YOUR GOAL
Only the lines from the first line of the entries through the line with "Freitag, 24.02.2023, um" belong in the answer, each restated word for word and without pictures.
-- RECORDS SHOWN follows --
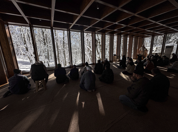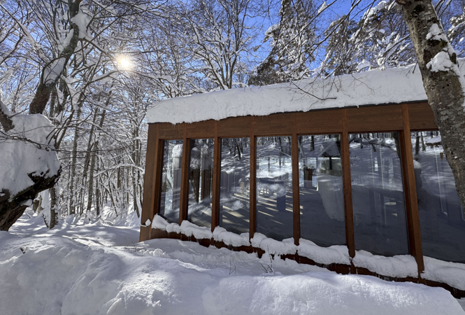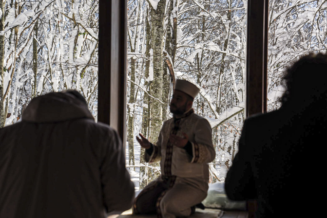 Bolu merkeze bağlı Elmalık Köyü’nde, 16. yüzyılda yaşamış mutasavvıf Hayreddin-i Tokadi Hazretleri’nin türbesinin de bulunduğu alanda yer alan mescitte, kar manzaraları eşliğinde namaz kılınıyor. Doğal ortama uygun olarak ahşaptan inşa edilen mescidi, beton duvarlar yerine ahşap sütunlar ve camlar ayakta tutuyor. Son yıllardaki tarihi kar yağışlarından birini geçtiğimiz günlerde alan Bolu’da bazı vatandaşlar, Hayreddin-i Tokadi Mescidi’ne gelerek Cuma namazını bu manzara eşliğinde kıldı.
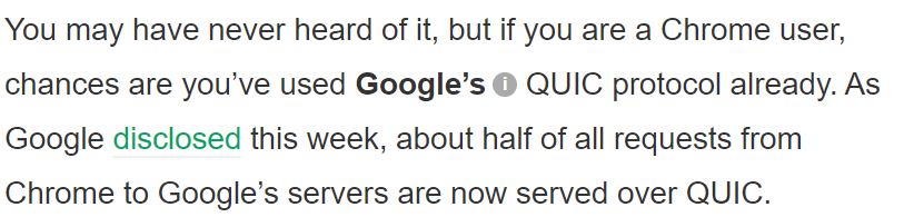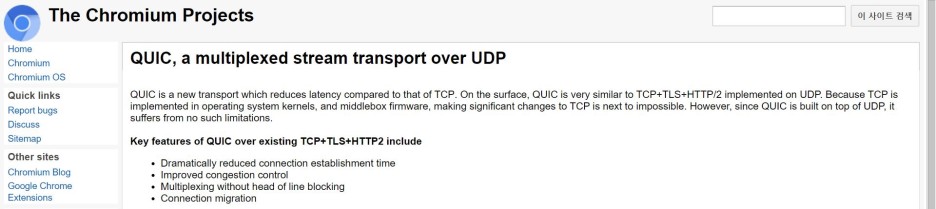 크롬 공식 규격 문서에서 QUIC에 대한 설명을 찾을 수 있었다. 문서를 훑어보니, QUIC은 TCP의 특성상 발생하는 latency(전송 딜레이?)를 줄이기 위해 구글에서 만든 프로토콜이라 한다.
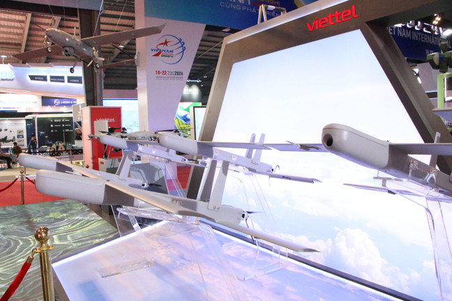Gian trưng bày giới thiệu các mẫu UAV tấn công do Tập đoàn Công nghiệp - Viễn thông Quân đội (Viettel) phát triển.
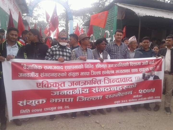 सरकारी कार्यालयहरूको माझमा भएको उक्त कार्यक्रममा झापा जिल्ला सेक्रेटेरी सुमनसिंह पौडेलले सरकारी प्रतिनिधिले मजदुर, सुकुमबासी र गरिब जनतामाथि विभेद, शोषण र दमन नत्यागे गम्भीर परिस्थिति भोग्न तयार हुनुपर्ने चेतावनी दिए । पौडेलले नगरपालिकाका मेयरलगायत प्रतिनिधिहरूले रातारात कसरी पजेरो चढे, उनीहरू रातारात कसरी करोडपति बने ? जनताको न्यायका लागि के गरे भन्ने प्रश्न गरेका थिए । जनप्रतिनिधिहरूले जनहितविपरीत काम गरिरहेमा र सुकुमबासी बस्ती उठाएमा उनीहरूका गाडी सडकमा नगुडेर बममा उड्ने चेतावनी दिए ।
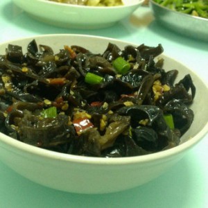 黑木耳用开水煮三分钟,沥干备用。热锅下油爆香蒜蓉,然后下剁椒,下香醋,生抽,盐适量,烧开后淋到黑木耳上。
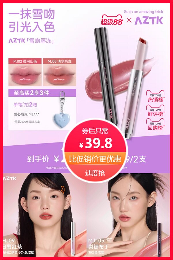 【拍两支!送爱心唇冻一个!】aztk唇冻水光镜面唇釉!固体唇蜜黑科技,一抹化水,裸色系口水感光泽,自然提气色不假白~轻盈不黏腻,长效滋润不拔干,学生党通勤族都爱的平价水光唇~
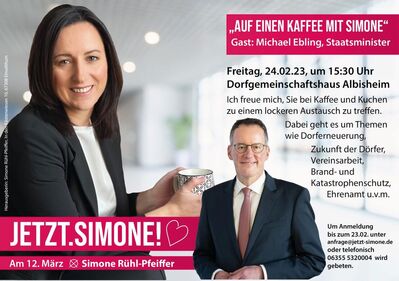 Freitag, 24.02.2023, um 15:30 Dorfgemeinschaftshaus Albisheim. Wir freuen uns, Sie bei Kaffee und Kuchen zu einem lockeren Austausch zu treffen. Dabei geht es um Themen wie Dorferneuerung, Zukunft der Dörfer, Vereinsarbeit, Brand- und Katastrophenschutz, Ehrenamt und vieles mehr. Wir bitten um Anmeldung unter anfrage@jetzt-simone.de oder telefonisch unter 06355 5320004.
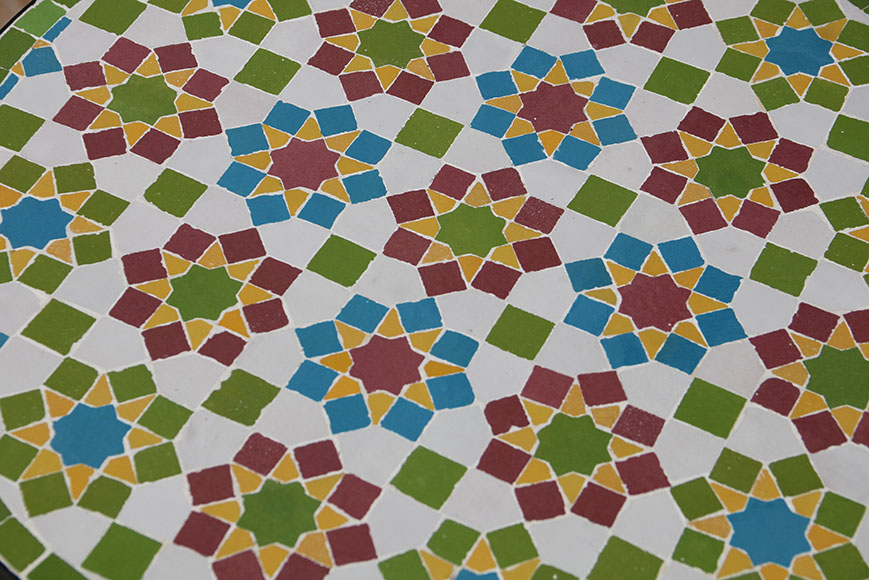 The word zellij comes from the root Arabic word زَلَجَ, meaning “to slide”, referring to the smooth glazed surface of the tiles. Amazingly, at times, the intended shape is not created simply by chipping away at the clay bricks to form it, but instead by chiseling other precise shapes that when fit together, form the shape so desired (image required for illustration purposes). There are an infinite number of combinations of geometric shapes, many of which have been memorised by heart by the craftsmen who have been continuing and preserving this trade for centuries. Squares, triangles, diamonds, stars, polygons and crosses are made to fit perfectly and precisely to form orderly mosaic patterns. However ornamental in nature, zellij stresses the importance of unity, order and logic, which not-so-coincidentally are key teachings of Islam.
-- RECORDS SHOWN concluded --
EXPECTED OUTPUT
 Bolu merkeze bağlı Elmalık Köyü’nde, 16. yüzyılda yaşamış mutasavvıf Hayreddin-i Tokadi Hazretleri’nin türbesinin de bulunduğu alanda yer alan mescitte, kar manzaraları eşliğinde namaz kılınıyor. Doğal ortama uygun olarak ahşaptan inşa edilen mescidi, beton duvarlar yerine ahşap sütunlar ve camlar ayakta tutuyor. Son yıllardaki tarihi kar yağışlarından birini geçtiğimiz günlerde alan Bolu’da bazı vatandaşlar, Hayreddin-i Tokadi Mescidi’ne gelerek Cuma namazını bu manzara eşliğinde kıldı.
 크롬 공식 규격 문서에서 QUIC에 대한 설명을 찾을 수 있었다. 문서를 훑어보니, QUIC은 TCP의 특성상 발생하는 latency(전송 딜레이?)를 줄이기 위해 구글에서 만든 프로토콜이라 한다.
Gian trưng bày giới thiệu các mẫu UAV tấn công do Tập đoàn Công nghiệp - Viễn thông Quân đội (Viettel) phát triển.
 सरकारी कार्यालयहरूको माझमा भएको उक्त कार्यक्रममा झापा जिल्ला सेक्रेटेरी सुमनसिंह पौडेलले सरकारी प्रतिनिधिले मजदुर, सुकुमबासी र गरिब जनतामाथि विभेद, शोषण र दमन नत्यागे गम्भीर परिस्थिति भोग्न तयार हुनुपर्ने चेतावनी दिए । पौडेलले नगरपालिकाका मेयरलगायत प्रतिनिधिहरूले रातारात कसरी पजेरो चढे, उनीहरू रातारात कसरी करोडपति बने ? जनताको न्यायका लागि के गरे भन्ने प्रश्न गरेका थिए । जनप्रतिनिधिहरूले जनहितविपरीत काम गरिरहेमा र सुकुमबासी बस्ती उठाएमा उनीहरूका गाडी सडकमा नगुडेर बममा उड्ने चेतावनी दिए ।
 黑木耳用开水煮三分钟,沥干备用。热锅下油爆香蒜蓉,然后下剁椒,下香醋,生抽,盐适量,烧开后淋到黑木耳上。
 【拍两支!送爱心唇冻一个!】aztk唇冻水光镜面唇釉!固体唇蜜黑科技,一抹化水,裸色系口水感光泽,自然提气色不假白~轻盈不黏腻,长效滋润不拔干,学生党通勤族都爱的平价水光唇~
 Freitag, 24.02.2023, um 15:30 Dorfgemeinschaftshaus Albisheim. Wir freuen uns, Sie bei Kaffee und Kuchen zu einem lockeren Austausch zu treffen. Dabei geht es um Themen wie Dorferneuerung, Zukunft der Dörfer, Vereinsarbeit, Brand- und Katastrophenschutz, Ehrenamt und vieles mehr. Wir bitten um Anmeldung unter anfrage@jetzt-simone.de oder telefonisch unter 06355 5320004.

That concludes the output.